* _WORK TO COMPLETE_:
Go through the listing below and repeat it exactly, dropping the pictures.

* _THE INPUT_:
▬▬▬▬▬▬▬▬▬▬

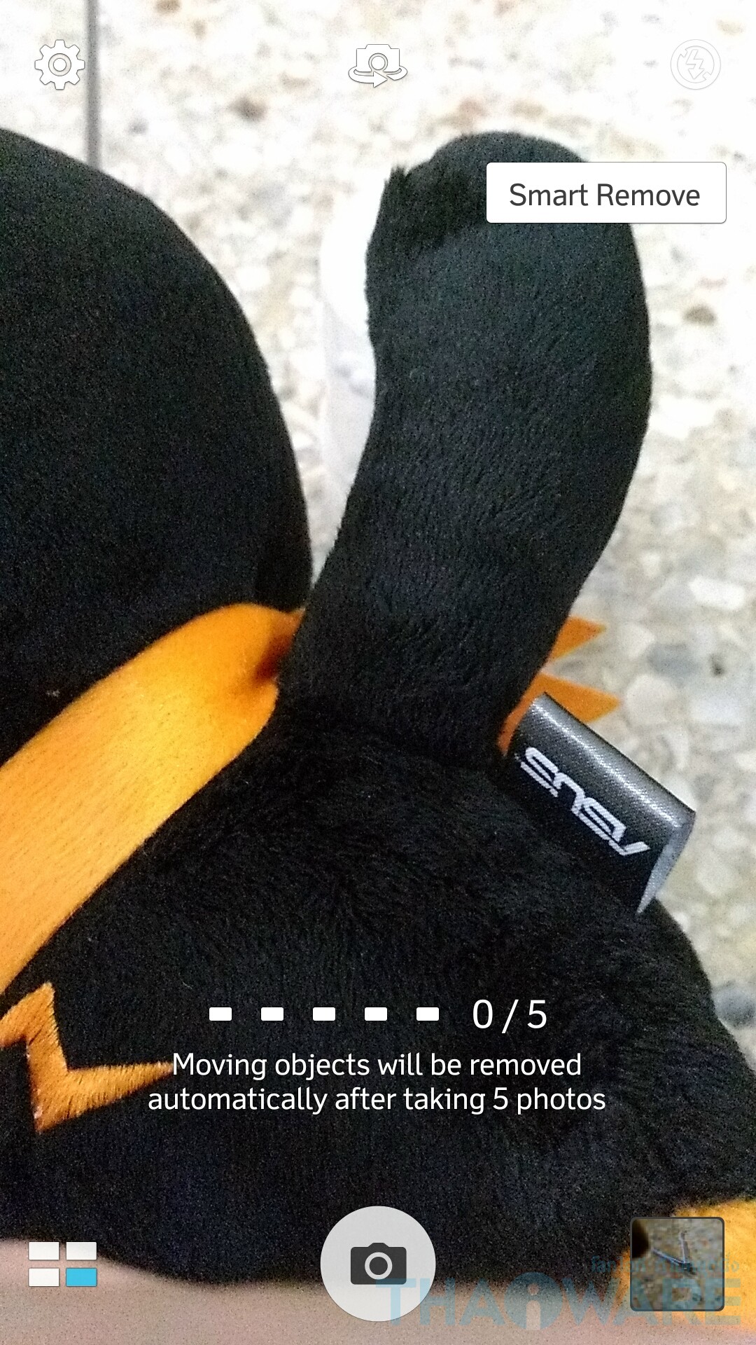 โหมด Smart Remove คือการถ่ายภาพแบบ 5 ช็อต โดยที่แต่ละช็อคจะลบสิ่งที่กำลังเคลื่อนไหวไปมาออกจากภาพโดยอัตโนมัติ รวมถึงการช่วยปรับภาพที่เบลอจากการสั่นไหวได้ในระดับหนึ่งด้วย
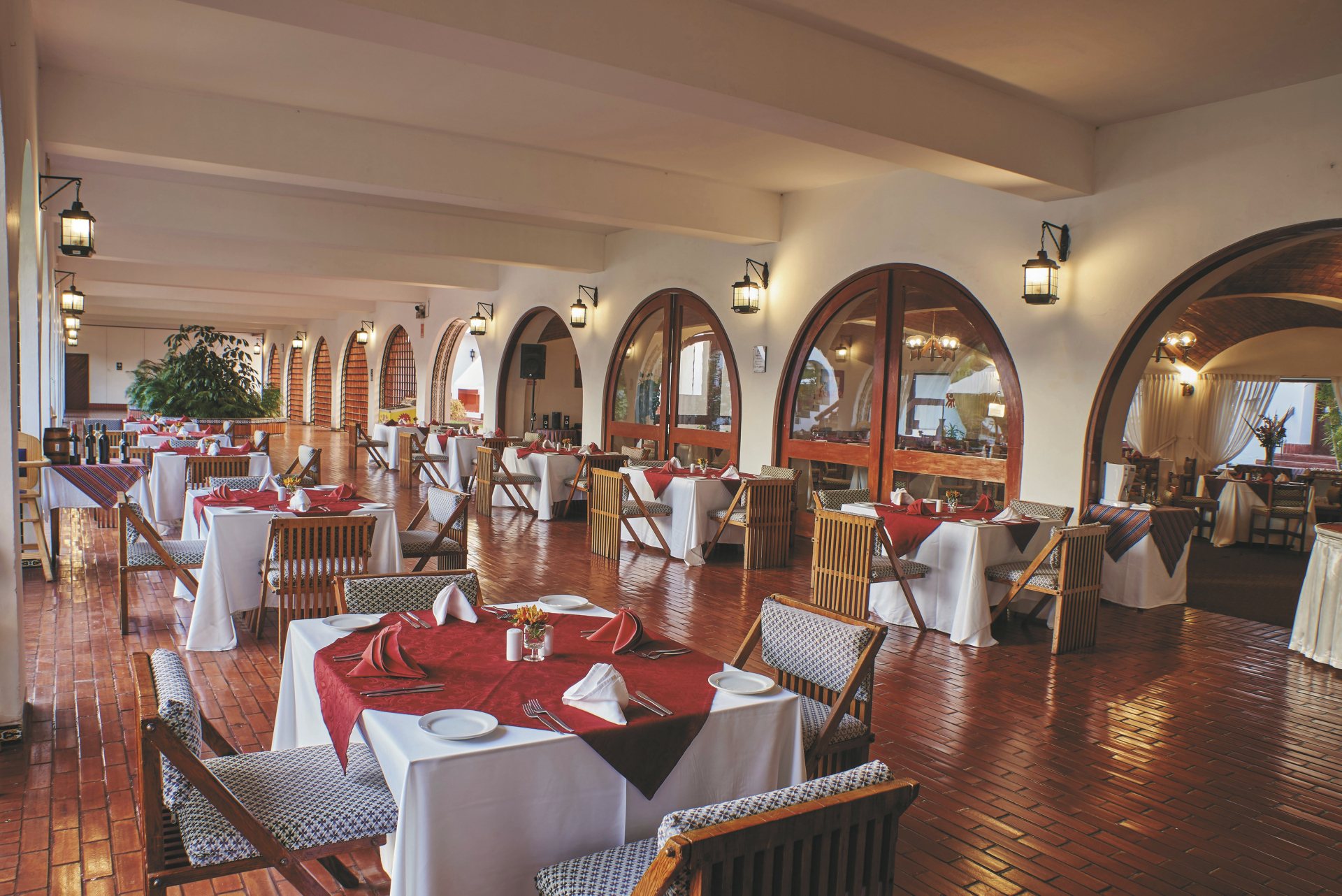 Das Herzstück des im Stil einer Hacienda erbauten Hotels, ist ein großer offener Innenbereich mit Garten und einer Poolanlage. Ein Restaurant, eine Bar und ein Planetarium runden das Angebot ab.
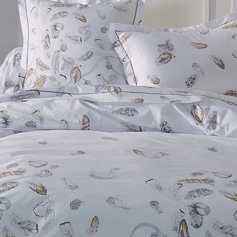 Housse de Couette à motifs plumes Percale 100% Coton 80 fils/cm2. Tissage très serré.
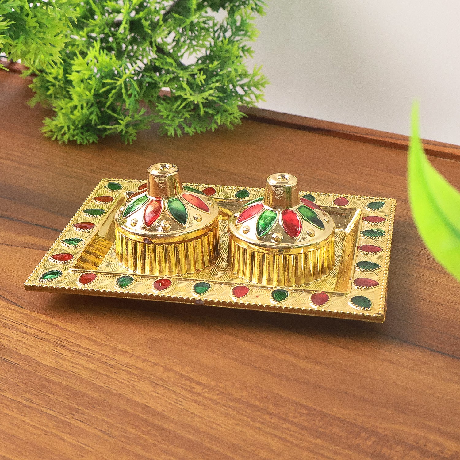 This Stunning Small Decorative Plate Product Serves As A Haldi Kumkum Or A Sindoor / Roli Pot Holder That Is Used As To Welcome The Guests During Wedding, Engagement Or Festival As A Return Gifts Housewarming, Thambulam, Varalakshmi, Indian Items, Or Any Other Occasions.
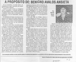 A propósito de Benigno Ávalos Ansieta [artículo] Nélida Baros Fritis Chañarcillo sept. 6, 2000, p.3 retr. .

▬▬▬▬▬▬▬▬▬▬

* _SOLUTION BELOW_:
 โหมด Smart Remove คือการถ่ายภาพแบบ 5 ช็อต โดยที่แต่ละช็อคจะลบสิ่งที่กำลังเคลื่อนไหวไปมาออกจากภาพโดยอัตโนมัติ รวมถึงการช่วยปรับภาพที่เบลอจากการสั่นไหวได้ในระดับหนึ่งด้วย
 Das Herzstück des im Stil einer Hacienda erbauten Hotels, ist ein großer offener Innenbereich mit Garten und einer Poolanlage. Ein Restaurant, eine Bar und ein Planetarium runden das Angebot ab.
 Housse de Couette à motifs plumes Percale 100% Coton 80 fils/cm2. Tissage très serré.
 This Stunning Small Decorative Plate Product Serves As A Haldi Kumkum Or A Sindoor / Roli Pot Holder That Is Used As To Welcome The Guests During Wedding, Engagement Or Festival As A Return Gifts Housewarming, Thambulam, Varalakshmi, Indian Items, Or Any Other Occasions.
 A propósito de Benigno Ávalos Ansieta [artículo] Nélida Baros Fritis Chañarcillo sept. 6, 2000, p.3 retr. .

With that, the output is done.